This node setup closely resembles the one in our server’s flake, with the difference that we are using hello-world user instead of root and in the profile activation script, we use deploy-rs.lib.x86_64-linux.activate.custom which allows us to specify a custom activation script. In our case, we invoke activate script from our profile.

Now, let’s add deploy.nodes for master and develop branches:

deploy = {
  nodes = {
    hello-world-master = mkNode {
      branch = "master";
      port = 3000;
    };
    hello-world-develop = mkNode {
      branch = "develop";
      port = 3001;
    };
  };
};

Additionally, we include pkgs.sops, pkgs.age, and deploy-rs.packages.${system}.deploy-rs to devShell and define checks flake output, which includes our prettier-check and deploy-rs checks:

checks.x86_64-linux = { inherit prettier-check; } // deploy-rs.lib.${system}.deployChecks self.outputs.deploy;

To set up our CI/CD pipeline for deploying our profiles, we use self-hosted GitHub runners with nix available. Here is the CI configuration:

Click to expand main.yaml
name: hello-world-app CI/CD
on:
  pull_request:
  push:
    branches:
      - master
      - develop
jobs:
  check:
    runs-on: [self-hosted]
    steps:
      - uses: actions/checkout@v4
      - name: setup cachix
        uses: cachix/cachix-action@v12
        with:
          name: hello-world-cache
          authToken: ${{ secrets.CACHIX_TOKEN }}
      - name: build website
        run: nix build -L .#hello-world-app
      - name: check prettier
        run: nix build -L .#checks.x86_64-linux.prettier-check
        if: success() || failure()
      - name: check deploy schema
        run: nix build -L .#checks.x86_64-linux.deploy-schema
        if: success() || failure()
      - name: check deploy activate
        run: nix build -L .#checks.x86_64-linux.deploy-activate
        if: success() || failure()
  deploy-branch:
    needs: check
    if: ${{ github.ref == 'refs/heads/master' || github.ref == 'refs/heads/develop' }}
    runs-on: [self-hosted]
    steps:
      - uses: actions/checkout@v4
      - name: setup cachix
        uses: cachix/cachix-action@v12
        with:
          name: hello-world-cache
          authToken: ${{ secrets.CACHIX_TOKEN }}
      - uses: webfactory/ssh-agent@v0.7.0
        with:
          ssh-private-key: ${{ secrets.SSH_PRIVATE_KEY }}
      - name: deploy
        run: nix develop -c deploy .#hello-world-${GITHUB_REF##*/} --skip-checks

In this setup, there are two jobs: check for CI and deploy-branch for CD. In both of these jobs, we use cachix/cachix-action to cache nix builds. It’s highly recommended to setup a nix cache for your CI.
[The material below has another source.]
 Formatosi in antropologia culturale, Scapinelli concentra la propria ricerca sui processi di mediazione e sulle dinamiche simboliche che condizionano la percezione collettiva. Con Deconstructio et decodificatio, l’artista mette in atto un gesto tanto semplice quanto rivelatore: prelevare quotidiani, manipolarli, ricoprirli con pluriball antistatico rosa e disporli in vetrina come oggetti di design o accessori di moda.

The check job is the CI part where we build our website and run all checks from the flake. The deploy-branch job is the CD part where we actually deploy the website on the pushes to the master and develop branches.

We utilize webfactory/ssh-agent to setup an SSH agent with the private key provided in secrets.SSH_PRIVATE_KEY. This private key should match the public one specified in openssh.authorizedKeys.keys for the hello-world user in the server configuration. Additionally, your server should be added to known_hosts on the server where you host GitHub runners. Alternatively, you can remove host checking with deploy.node.hello-world-<branch>.sshOpts = [ "-o" "StrictHostKeyChecking=no" ] or using the CLI option of deploy-rs: --ssh-opts "-o StrictHostKeyChecking=no".
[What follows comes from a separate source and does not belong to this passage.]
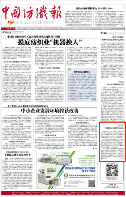 2019年4月10日,《中国纺织报》第一版以《天工大开展爱国主题团日活动》为题对我校做了报道,现将全文转发如下,以飨读者。

Finally, in the deploy step we deploy our node with:

nix develop -c deploy .#hello-world-<branch> --skip-checks

Now our website should be deployed and up. To check the status of our systemd service on the server we can connect via SSH and run:

sudo su hello-world
export XDG_RUNTIME_DIR="/run/user/$UID"
systemctl --user status hello-world-app-<master/develop>.service

We can also use journalctl --user -feu hello-world-app-<master/develop>.service to read service logs.

Pull request deployment

Runtime Verification also wanted to deploy a website for each open pull request, in addition to those deployed from the master and develop branches, to simplify review. These websites should be accessible from a URL subdomain that contains the pull request number, such as pr-123.sandbox.hello-world-app.com, where 123 represents the GitHub pull request number. To accomplish this, a new deployment node is needed specifically for deploying websites from pull requests.
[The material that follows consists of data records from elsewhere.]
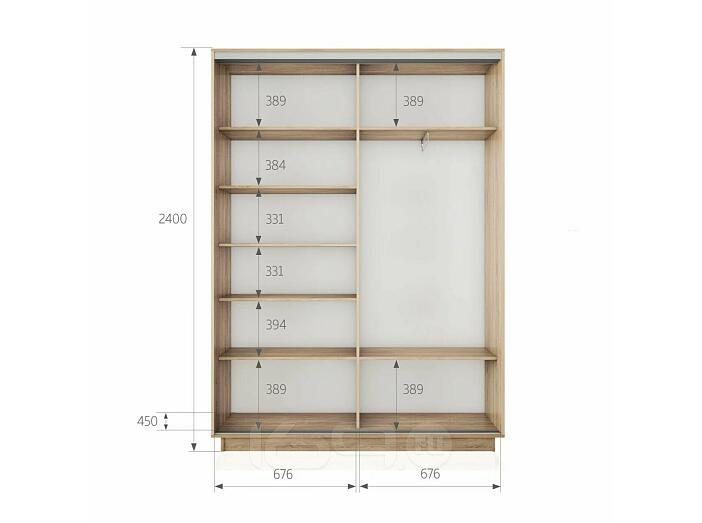 Шкаф Экспресс 2 2-х дверный Дуо Зеркало (Серебряный профиль) Дуб Сонома 1400x2400x450
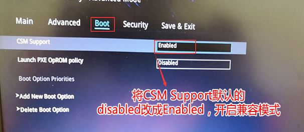 3、再切換到BOOT的選項,把CSM support由disabled改成enabled,開啟兼容模式,如圖:
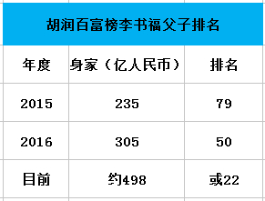 以498亿人民币的身家,李书福父子可登陆《2016胡润百富榜》第22名,仅次于21名的世茂房地产(00813)许荣茂家族(500亿人民币)。
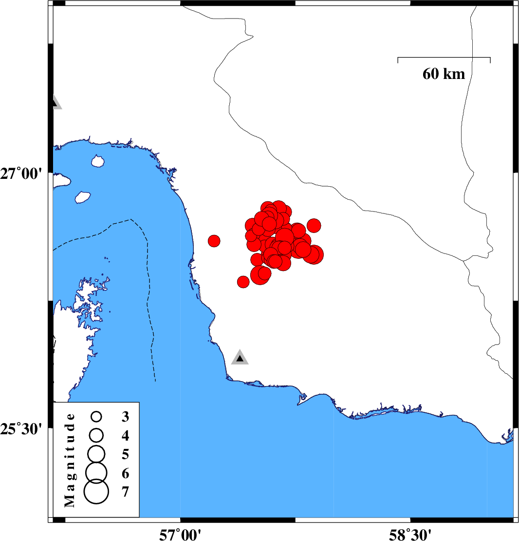 2013/05/11 22:23:05.8 02:53:05.8 26.7557.5814 ML:5 Hormozgan Province, 74 km South of Manujan

Website deployment configuration

To define hello-world-pr deployment node, we need to add some changes to ./service.nix.

First, we must add another sops file for pull request secrets deployment. To do this, we make following changes:

secretsSuffix = if builtins.elem branch [ "master" "develop" ] then serviceSuffix else "-pr";
secrets = "${secretsFolder}/secrets${secretsSuffix}.env";

When deploying from a pull request, our profile will use ./secrets/secrets-pr.env sops file.

Additionally, we need a way to deactivate our deployments when pull requests are closed or merged. To accomplish this, we add a service deactivation script to the deployment profile. First we define a script to remove services:

removeServices = concatStringsSep "\n" (map (name: let serviceName = name + serviceSuffix; in ''
  set +e
  systemctl --user stop ${serviceName}.service
  systemctl --user disable ${serviceName}.service
  set -e
  rm -f -- "$HOME/.config/systemd/user/${serviceName}.service" "$HOME/.config/systemd/user/default.target.wants/${serviceName}.service"
  '') serviceNames);

This script stops and disables services when possible and removes their configuration files.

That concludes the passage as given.